◆ **Stored items from a collection**
-*-

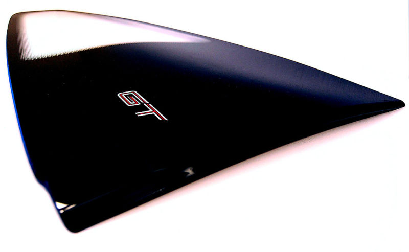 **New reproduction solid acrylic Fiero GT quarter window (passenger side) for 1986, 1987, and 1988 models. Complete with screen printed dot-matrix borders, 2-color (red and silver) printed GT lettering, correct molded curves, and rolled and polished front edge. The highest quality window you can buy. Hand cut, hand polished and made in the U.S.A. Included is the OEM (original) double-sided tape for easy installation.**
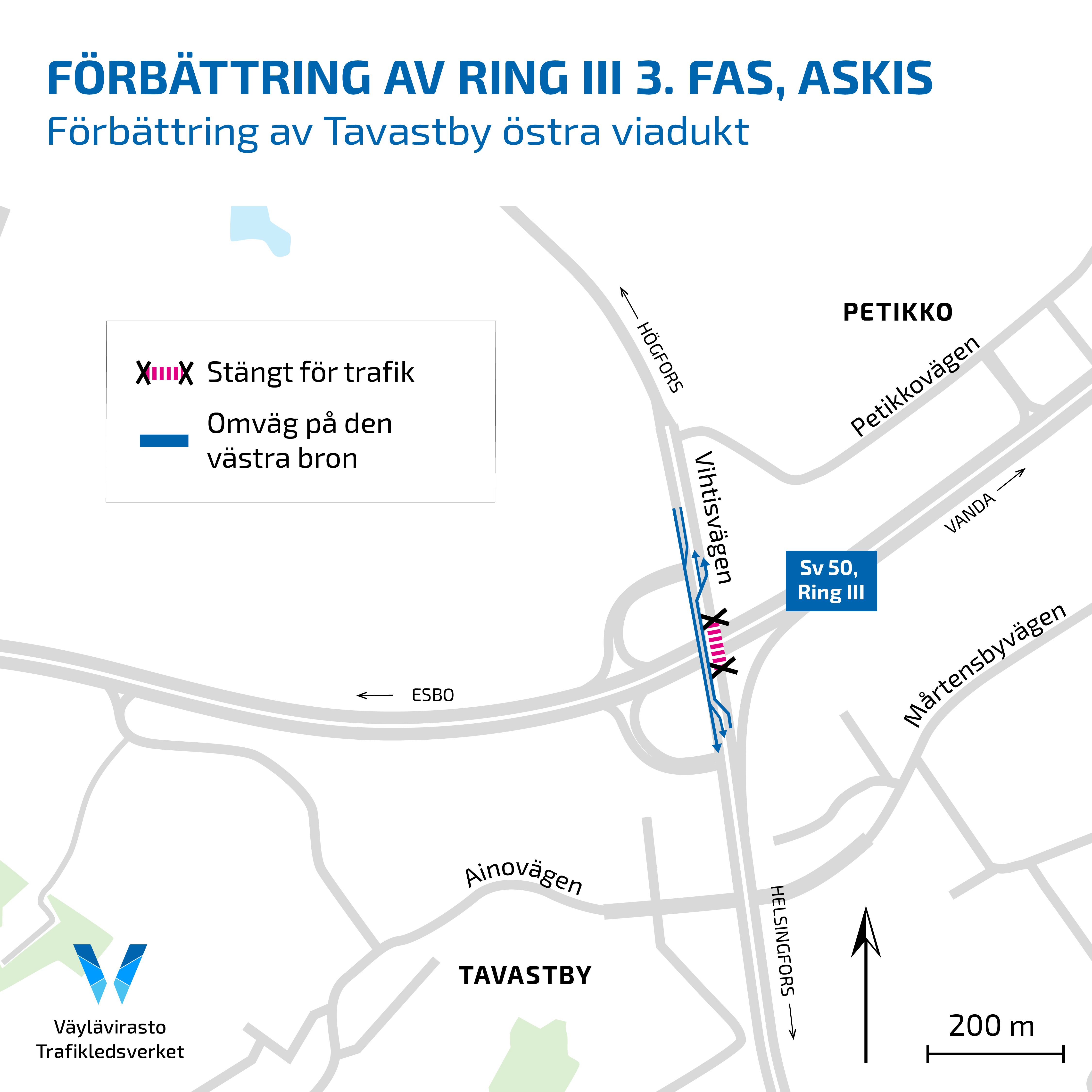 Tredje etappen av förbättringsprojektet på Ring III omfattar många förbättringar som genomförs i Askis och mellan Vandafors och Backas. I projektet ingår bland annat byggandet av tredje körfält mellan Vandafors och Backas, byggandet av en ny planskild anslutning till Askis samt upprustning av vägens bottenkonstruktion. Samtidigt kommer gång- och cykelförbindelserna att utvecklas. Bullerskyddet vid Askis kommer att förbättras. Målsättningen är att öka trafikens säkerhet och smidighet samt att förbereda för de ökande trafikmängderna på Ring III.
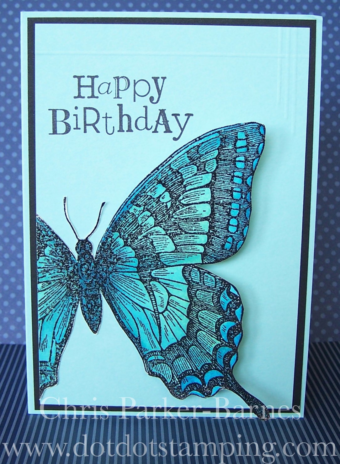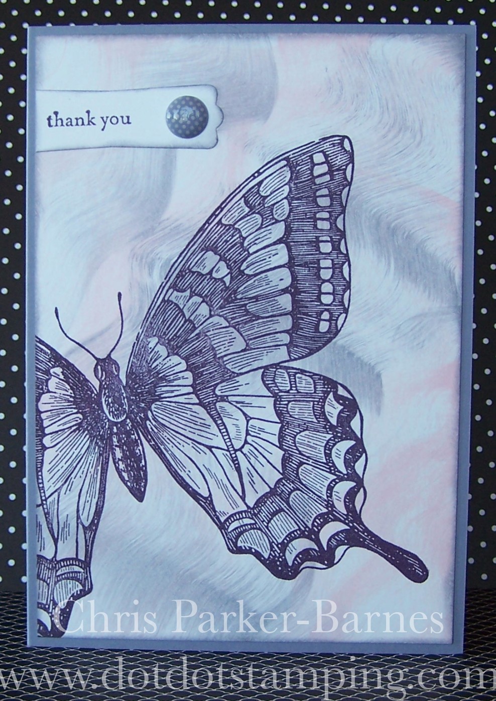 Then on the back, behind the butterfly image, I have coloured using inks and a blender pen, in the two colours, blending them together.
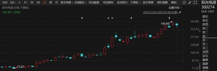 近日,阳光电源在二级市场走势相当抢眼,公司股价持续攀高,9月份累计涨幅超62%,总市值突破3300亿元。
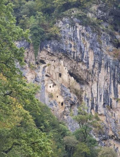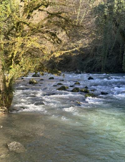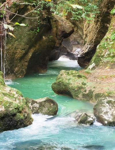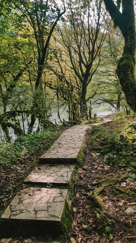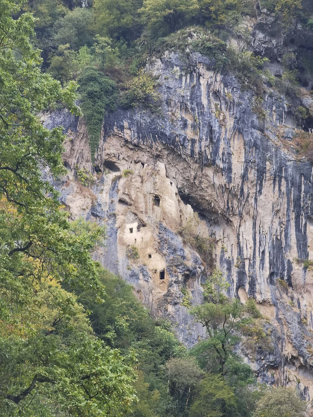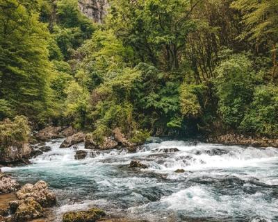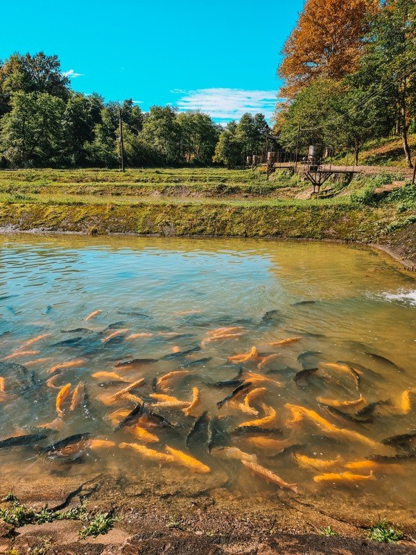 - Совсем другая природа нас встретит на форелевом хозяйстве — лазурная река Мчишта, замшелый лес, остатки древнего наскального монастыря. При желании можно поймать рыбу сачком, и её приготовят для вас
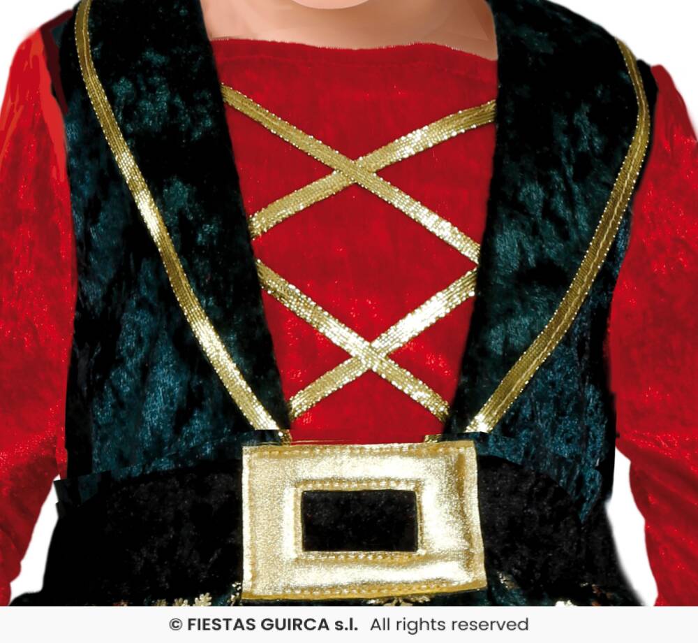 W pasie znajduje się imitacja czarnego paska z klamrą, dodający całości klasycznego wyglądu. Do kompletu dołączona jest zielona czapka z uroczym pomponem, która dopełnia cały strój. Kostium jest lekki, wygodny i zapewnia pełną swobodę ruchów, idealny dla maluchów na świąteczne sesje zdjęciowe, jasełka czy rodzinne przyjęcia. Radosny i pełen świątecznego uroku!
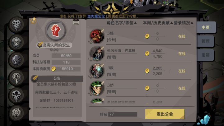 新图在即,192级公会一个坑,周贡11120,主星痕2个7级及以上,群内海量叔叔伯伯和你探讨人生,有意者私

-*-

◆ **What you have to do**
Lines from the one above containing "Then on the" down to the one containing "近日,阳光电源在二级市场走势" should be transcribed exactly, with both ends kept and no pictures.

◆ **Written answer**
 Then on the back, behind the butterfly image, I have coloured using inks and a blender pen, in the two colours, blending them together.
 近日,阳光电源在二级市场走势相当抢眼,公司股价持续攀高,9月份累计涨幅超62%,总市值突破3300亿元。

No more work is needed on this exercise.